The Trump Administration’s rhetoric conflated immigration and crime and sparked a national shift away from supporting immigration. In a poll released this month, more than half of Americans claimed that there is an ongoing “invasion” at the Southern border, in tune with the national shift away from pro-immigration.

The presumption was that when a large number of refugees arrive in a region, crime rises in subsequent years, and placing limits on immigration would drastically decrease crime rates. In actuality, there was a null effect on crime rates in response to changes in refugee resettlement rates brought by the 2017 ban.

The association between crime and immigration is not new. In 2017, 45 percent of Americans agreed that immigrants exacerbate crime. Particularly within the GOP, the topic of immigration has served as key campaign fodder – 71 percent of Republicans believe that immigrants worsen crime rates, as opposed to 34 percent of Democrats. Given that refugees are painted in one light by the broader community – individuals escaping war, poverty, and persecution, Americans seem to expect they possess a relatively high inclination to commit violent crime.Despite a 65.6 percent drop in refugee resettlement, there was no visible effect on various types of crime, according to findings from a University of Cambridge study on the relationship between crime and refugee resettlement after the ban’s implementation.

The study plots the relationship between 2015-2016 to 2017-2018 changes in refugee arrivals and present-day policy changes in crime rates along the blue regression line. If less refugee resettlement led to lower crime rates, we would witness a downward sloping regression line. Across both types of crimes (left versus right plots) and when measured in rates and logs (top versus bottom plots), there is no apparent correlation between the reduction in refugee arrivals due to the ban and subsequent changes in local crime rates. The findings suggest that crime rates would have been similar had refugee arrivals continued at pre-Executive Order levels.

Likewise, examining crime data from ten U.S. cities that received the most refugees relative to their population size between 2006-2015 reveal that rather than crime rising, nine out of ten cities became considerably safer. As seen in the figure below, Southfield, Michigan, experienced a whopping 77.1 percent drop in violence crime rates. The only city in this study that experienced increased crime was Springfield, Massachusetts, but it is important to note that an opioid epidemic impacted Springfield during that period.

Ultimately, restricting refugee resettlement to the U.S. proved to be an ineffective policy tool for reducing crime for many reasons. Firstly, the selection process for refugees in the U.S. adopts a vulnerability-based approach – a system that prioritizes admitting people with injuries or other forms of hardship. 

It is unlikely that admitted refugees are, on average, more inclined to commit crime than the general populace. Second, resettled refugees arrive in such small numbers compared to the overall population that they do not have the statistical capacity to impact local crime rates. Third, the demographic composition of refugees coming to the U.S. is not historically the most crime-prone demographic.

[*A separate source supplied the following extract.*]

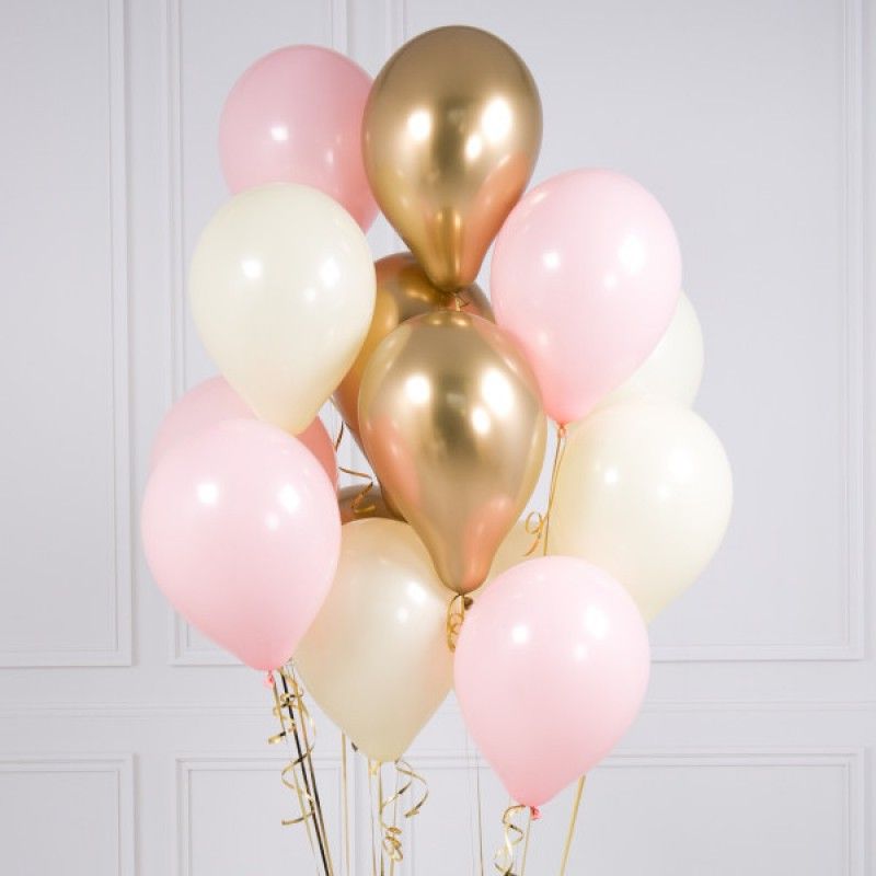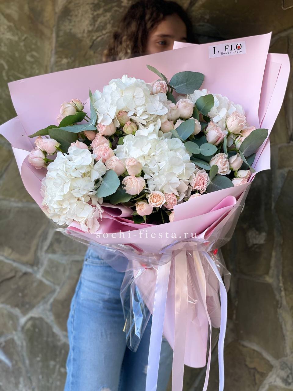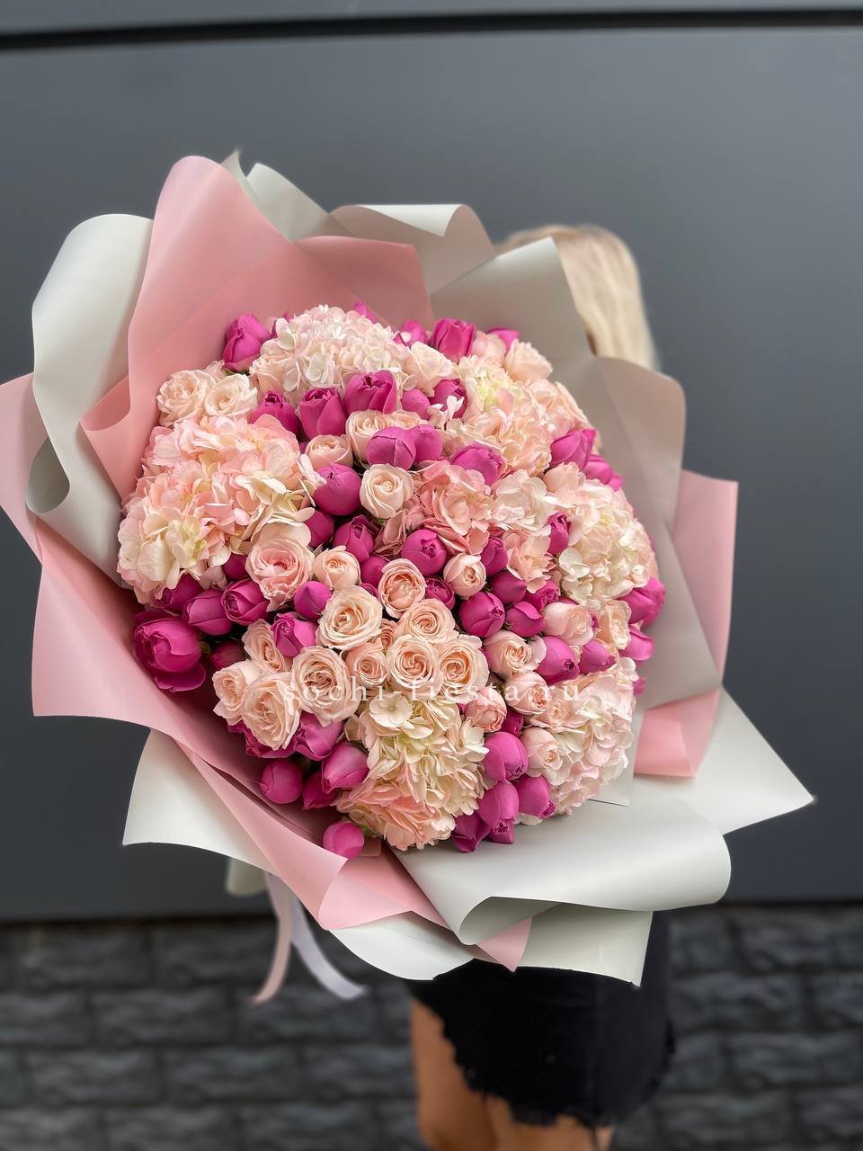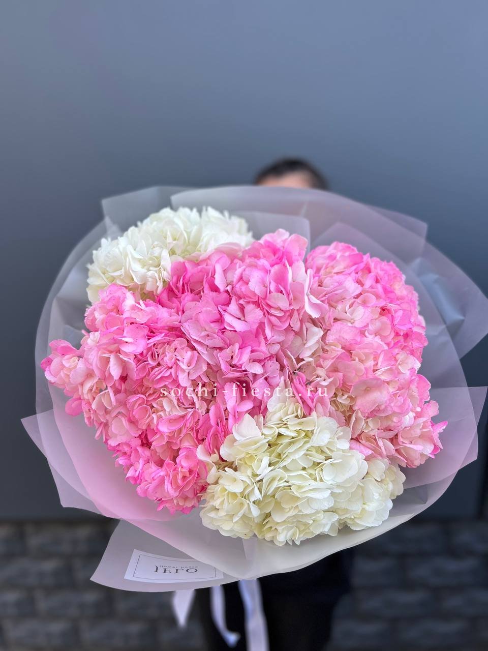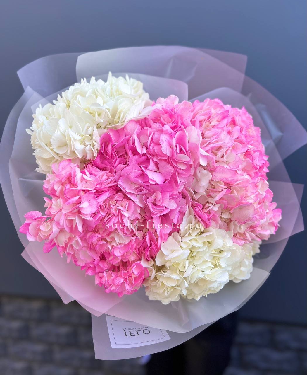 Пять крупных соцветий гортензии в бело-розовой гамме образуют воздушную композицию с переливами света на лепестках. Букет выглядит объёмно и свежо, наполняя пространство мягким цветом.

Young men are the most prone to crime, but less than 14 percent of refugees resettled in 2016 were young males.

As there is no plausible link between refugee resettlement and crime, the new administration is trying to reverse President Trump’s refugee policy. In May 2021, President Biden revised the annual refugee admissions ceiling to 62,500 for the remainder of the year, and in October, he set the ceiling for 2022 to 125,000 after four years of record-low numbers under Trump. But there still exists a ​​huge discrepancy between the ceiling targets and the number of admitted refugees. Though the annual resettlement ceiling for 2021 was revised to 62,500, only 11,411 refugees were admitted. In 2022, the Biden administration has yet to come close to its goal of 125,000.

Despite the Biden administration lagging behind their goals, the ceiling uptick proves promising and is encouraging that the attitude around refugee admission has shifted in a positive direction. Ideally, that shift will be more readily reflected in the number of refugees admitted into the country.